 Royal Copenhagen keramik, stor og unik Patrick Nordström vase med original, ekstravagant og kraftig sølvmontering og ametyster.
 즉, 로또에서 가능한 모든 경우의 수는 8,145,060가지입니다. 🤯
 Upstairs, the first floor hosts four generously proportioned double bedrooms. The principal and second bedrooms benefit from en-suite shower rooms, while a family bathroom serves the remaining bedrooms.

————

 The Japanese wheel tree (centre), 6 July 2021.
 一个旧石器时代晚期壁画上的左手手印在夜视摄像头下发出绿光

————

What the task asks. Extract exactly and only the lines above from the line containing "즉, 로또에서 가능한 모든 경우의 수는 8,145,060가지입니다. 🤯" through the line containing "Upstairs, the first", both end lines included.

Answer for the task.
 즉, 로또에서 가능한 모든 경우의 수는 8,145,060가지입니다. 🤯
 Upstairs, the first floor hosts four generously proportioned double bedrooms. The principal and second bedrooms benefit from en-suite shower rooms, while a family bathroom serves the remaining bedrooms.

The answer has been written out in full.